Глава двадцать первая

Когда начало светать, громкое пение птиц разбудило Артыка. Он встал, потянулся, сонными глазами посмотрел по сторонам. Темное еще, словно затянутое синим сукном, небо быстро светлело. Звезды гасли одна за другой, а на востоке разгорался багряно-красный костер зари. Под легким утренним ветерком огромное поле высокой пшеницы колыхалось, как море. Высоко над головой жаворонки радостно приветствовали восход солнца.

Артык надел короткий грубошерстный чекмень, подпоясался платком и, взяв в руки остро наточенный серп, подошел к краю поля. Сильным, широким взмахом он ударил серпом в чащу колосьев, они хлестнули его в подбородок, и в лицо пахнуло чем-то удушливым. Артык поднял голову и чихнул. Ветер отнес в сторону поднявшееся над колосьями розовое облачко пыли. Пшеница перестаивала - надо было спешить.

Солнце поднималось все выше. Сильное тело Артыка, казалось, не знало усталости. Палящие лучи солнца все сильнее жгли плечи, осыпавшаяся с колосьев розовая пыль затрудняла дыхание, но он, едва успевая смахивать ладонью или рукавом чекменя пот, струившийся из-под шапки, все шел и шел вперед, подрезая серпом упругие стебли пшеницы.

Артык спешил закончить полоску. Несколько дней тому назад к нему подошли человек шесть белуджей и заявили на ломаном языке: "Мы народ афганский, жать пшеницу знаем!" Артык угостил их дыней и сказал: "Идите к баям, у них много посева. А мы - сами жнецы!" Теперь он слушал, как на земле Халназар-бая тоскливо пели эти белуджи, а у Меле-бая шумели курды. Слушал - и благодарил судьбу за то, что он пока еще не таков, как эти несчастные люди, бросившие свои семьи и пустившиеся на поиски работы и куска хлеба в чужие края.

Одно желание владело Артыком в эти дни: поскорее собрать урожай, обзавестись конем и... увезти Айну. Беспокоила мысль о предстоящем наборе на тыловые работы, но она как-то отступала перед другой, более острой тревогой: "А что будет с матерью, с Шекер?" Его семья могла стать жертвой мести Халназаров после их неудач-

ного сватовства. Такой позор смывается только кровью. Артыка не так изнуряла жатва от зари до зари, как безотрадные думы.

Он утолил голод сухой лепешкой, а жажду - дыней и прилег отдохнуть на горячую землю, положив голову на ладони.

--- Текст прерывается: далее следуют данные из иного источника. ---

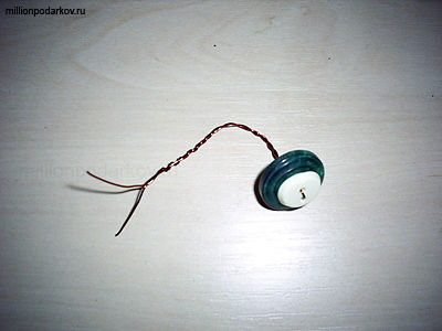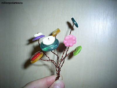 Делаем еще некоторое количество таких «цветочков». Также не забудьте и о «листочках». Для их изготовления вам понадобится лишь одна зеленая пуговица. Собираем все поделки вместе и переплетаем проволоку, делая букетик. Выступающие снизу проволочки подрезаем.

Солнце нещадно палило, в голове билась все та же тревожная мысль. Долго лежал он в каком-то тяжелом полузабытьи. И вдруг перед глазами его встало видение:

Скачут, скачут всадники, вихрится пыль... Вот они осаживают коней возле кибитки, хватают Шекер. "О мама!" - раздается отчаянный вопль сестренки... Вот Нурджахан, выбежав из кибитки, бросается на помощь Шекер.Ее сильным ударом отбрасывают в сторону, и она падает головой в песок... Удаляется, как в тумане, расплывается залитое слезами лицо сестры. Встает перед глазами лицо матери, с окровавленным ртом, широко раскрытые глаза ее наполнены мукой...

Артык вскочил на ноги и пошатнулся. Все кружилось у него перед глазами. Необозримое пшеничное поле колебалось из края в край...

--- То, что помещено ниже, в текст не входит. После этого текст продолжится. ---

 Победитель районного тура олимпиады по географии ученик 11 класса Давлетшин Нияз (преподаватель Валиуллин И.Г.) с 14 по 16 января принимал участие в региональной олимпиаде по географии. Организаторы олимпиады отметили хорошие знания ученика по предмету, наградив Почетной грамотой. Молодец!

Когда он вновь принялся жать, руки его дрожали, а колосья валились из рук.

Напрасно Артык пытался успокоить себя мыслью, что Айна любит его и останется верна ему навсегда. Нахлынули сомнения: а не тешит ли он себя несбыточною мечтой? Встал и неотступно стоял перед ним грозный вопрос: "Имеешь ли ты право жертвовать благополучием, может быть, жизнью матери и сестры ради собственного счастья?" Уже много дней этот вопрос мучил Артыка.

Все так же протяжно тянули свои песни белуджи. Артык жал и не чувствовал в своих руках ни серпа, ни колосьев. Прислушиваясь к тоскливым напевам, он разговаривал со своим сердцем:

Буду ль с тобой сидеть я к плечу плечо,

Луноподобным любуясь лицом, Айна-джан?

Буду ль, играя, в горячие розы щек

Сладко впиваться пылающим ртом, Айна-джан?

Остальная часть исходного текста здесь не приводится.